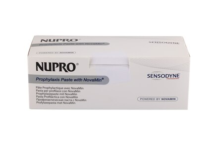 Prophy paste providing immediate sensitivity relief while delivering excellent polishing and stain removal properties. Powered by NovaMin®, a bioavailable calcium phosphosilicate, NUPRO SENSODYNE prophy paste delivers tooth desensitisation, tubule occlusion and stain removal in one easy-to-use paste. Paste can also be applied before or after scaling and root planing. Fluoride-free. Fine/medium grit for the removal of light stains.
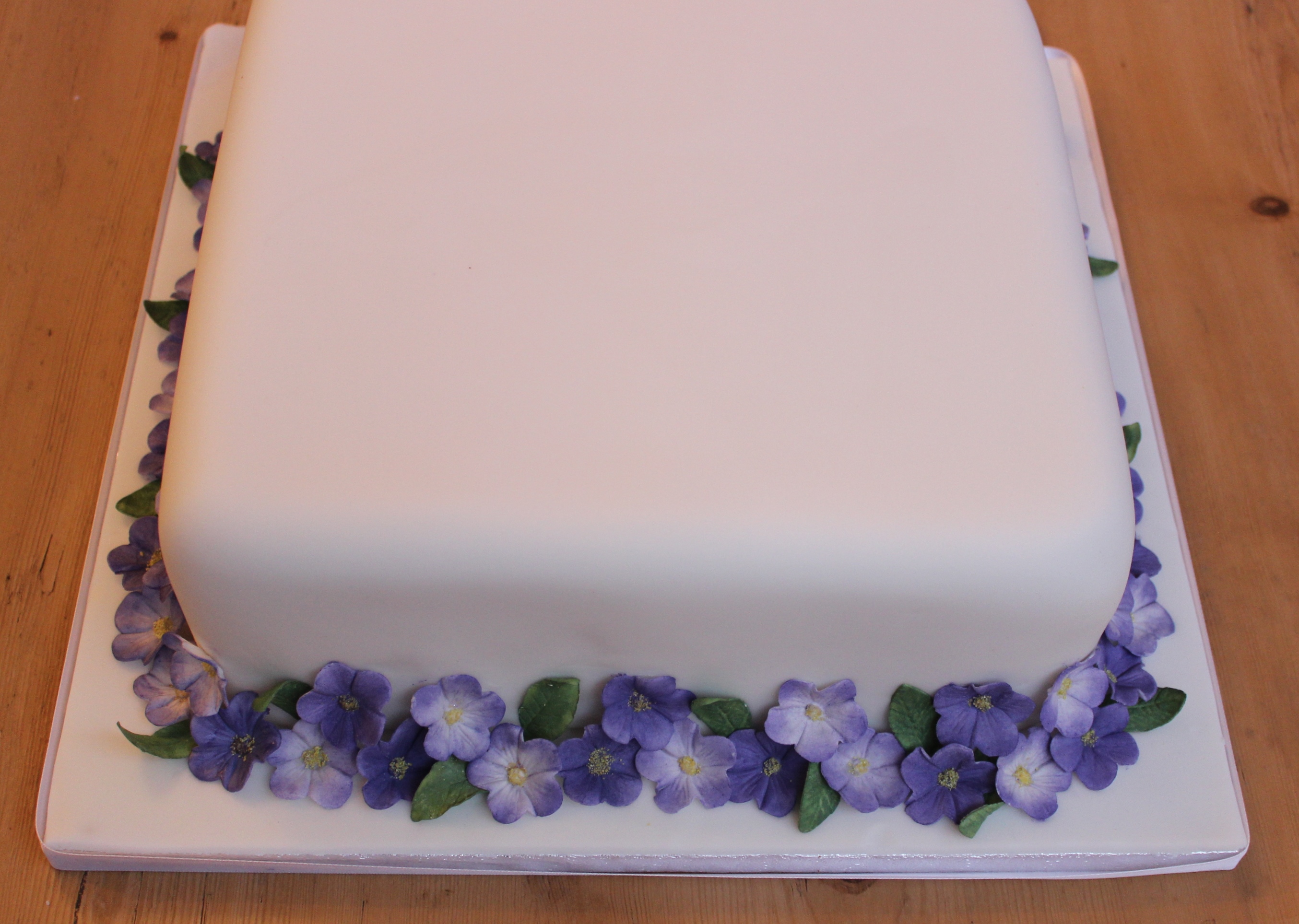 After I had covered the cake in marzipan and icing, I used edible glue to fix the flowers in place. I didn’t want them to look to organised but I put them on in groups of threes, with two on the bottom row and one above – I mixed up the dark and light flowers and placed the leaves whenever I thought one was needed. I really liked the overall effect – simple but with plenty of colour and texture.
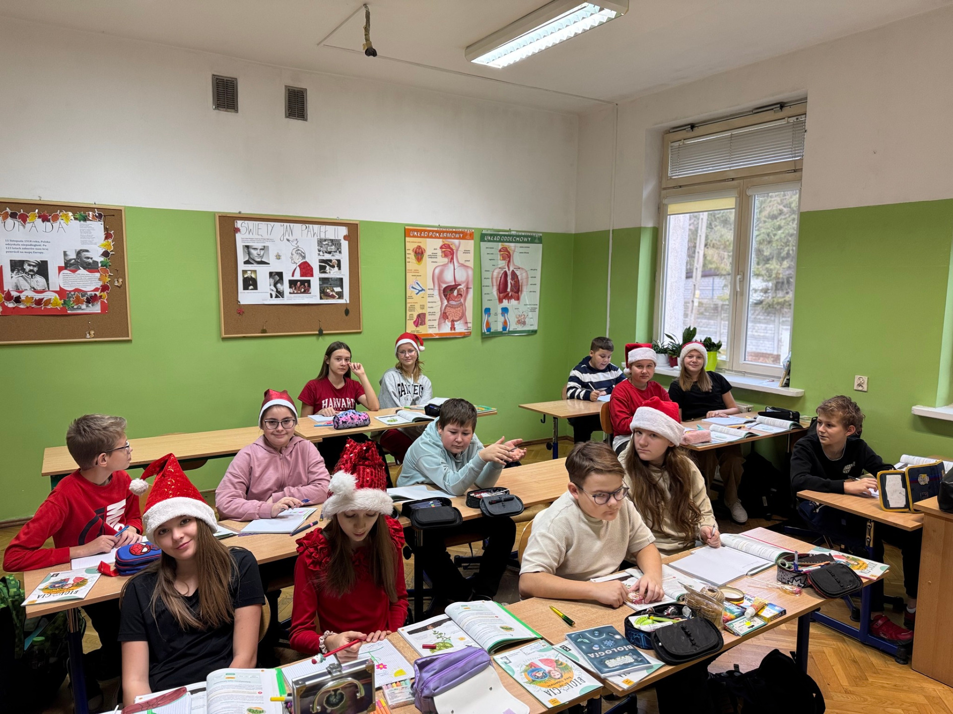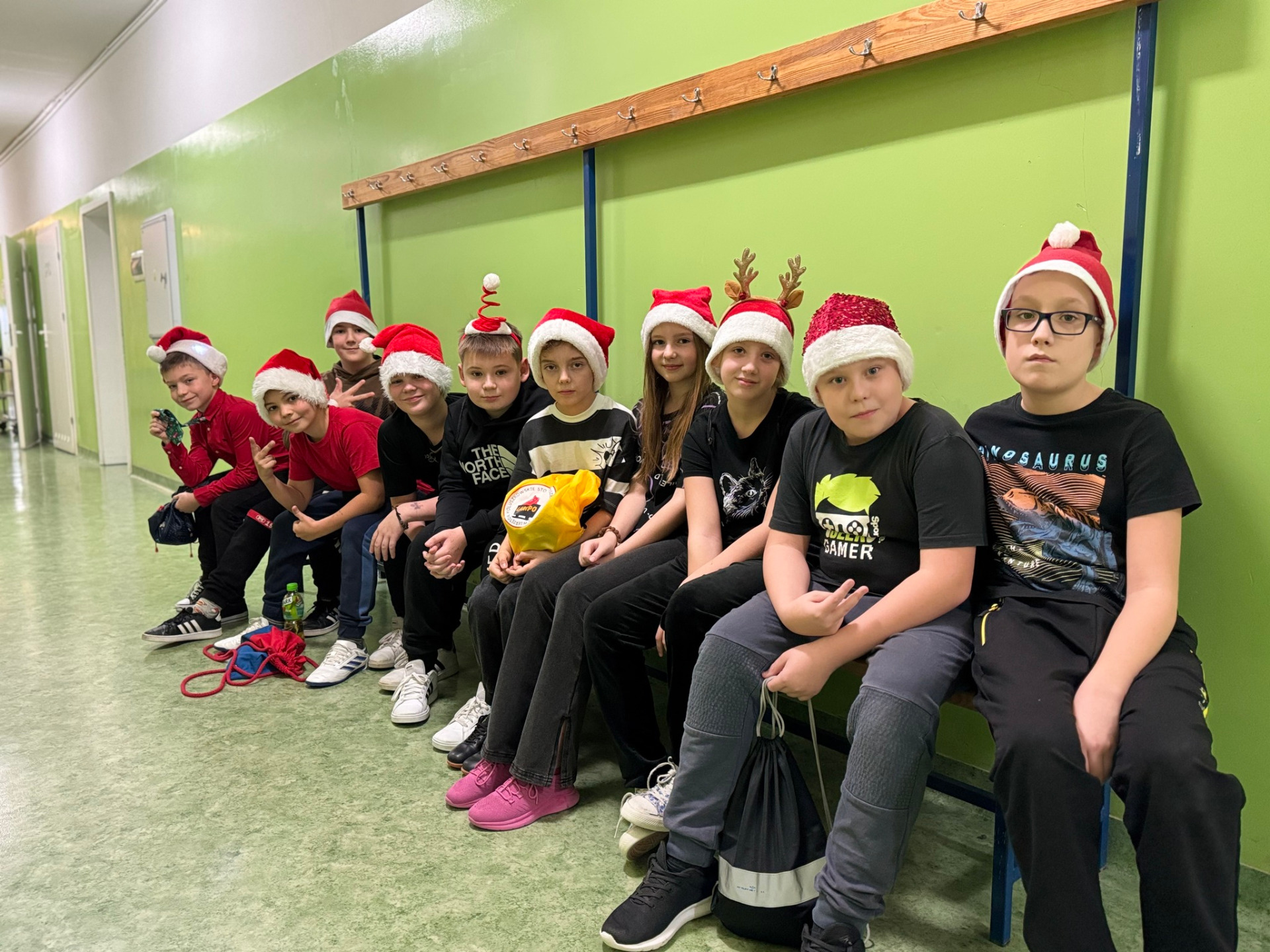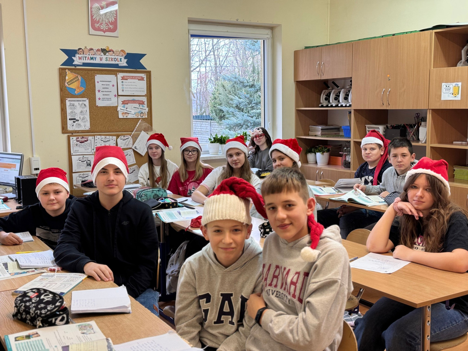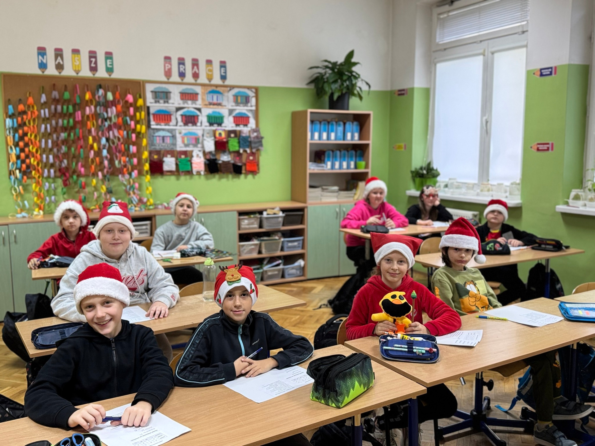 Ho ... Ho... Ho... W naszej szkole dziś Mikołajki. Uczniowie z radością uczestniczyli w tym wyjątkowym dniu zakładając czerwone czapki Mikołaja, które wprowadziły wszystkich w świąteczny nastrój. Był to dzień pełen pozytywnych emocji.
##############################
▶ Instructions for the task
Repeat the whole of the material above exactly, but keep the pictures out.

▶ Exercise output
 Prophy paste providing immediate sensitivity relief while delivering excellent polishing and stain removal properties. Powered by NovaMin®, a bioavailable calcium phosphosilicate, NUPRO SENSODYNE prophy paste delivers tooth desensitisation, tubule occlusion and stain removal in one easy-to-use paste. Paste can also be applied before or after scaling and root planing. Fluoride-free. Fine/medium grit for the removal of light stains.
 After I had covered the cake in marzipan and icing, I used edible glue to fix the flowers in place. I didn’t want them to look to organised but I put them on in groups of threes, with two on the bottom row and one above – I mixed up the dark and light flowers and placed the leaves whenever I thought one was needed. I really liked the overall effect – simple but with plenty of colour and texture.
 Ho ... Ho... Ho... W naszej szkole dziś Mikołajki. Uczniowie z radością uczestniczyli w tym wyjątkowym dniu zakładając czerwone czapki Mikołaja, które wprowadziły wszystkich w świąteczny nastrój. Był to dzień pełen pozytywnych emocji.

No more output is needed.